I don't date. I don't even consider it. I shove my FIVE kids in everyone's face, just to be sure. My protection against ever getting hurt again. But I hurt anyway. Just a different kind.
I'm tired. Frustrated. Stranded. Isolated. I know I have lots of friends. And family. But it's not the same thing. I miss companionship. Having a buddy, someone who was in this with me, for better or worse. Someone to help carry the burden and worry. Not that I necessarily had that with my past husbands. It was missing then too. I envy my friends who have found that. Why couldn't I? How did I get is all so very wrong?
Who's bringing the cake to my pity party?















1 Leavin' me some love!:
I know it has to be really hard to be single during the holidays.

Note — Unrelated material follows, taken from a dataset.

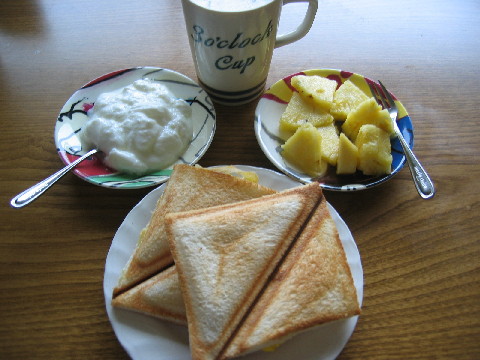 メニューは毎日決まっていて、パン・果物・ヨーグルト・ホットミルク・サラダ。

I can imagine and I feel for you! It's so hard being a mom because your energy is already taken by 5 very precious time sucks. My 3 suck all my time away---I can only imagine 5! And a full time job that makes you work more than full time? I think it's easy to figure out why you aren't all that worried about dressing up and sitting down for dinner with a strange guy your girlfriends insist you should meet. Dating is probably the furthest from your mind on a constant basis!
But at the same time, I want to see you happy SOOOOO BADLY and I know Mr. Almost Perfect is out there somewhere. I know he is because you're terrific (funny, sweet, smart) and I know you're meant to be happy. So, maybe you should consider pushing aside the mommy you sometimes and going out. You deserve to be happy too, Tiffany.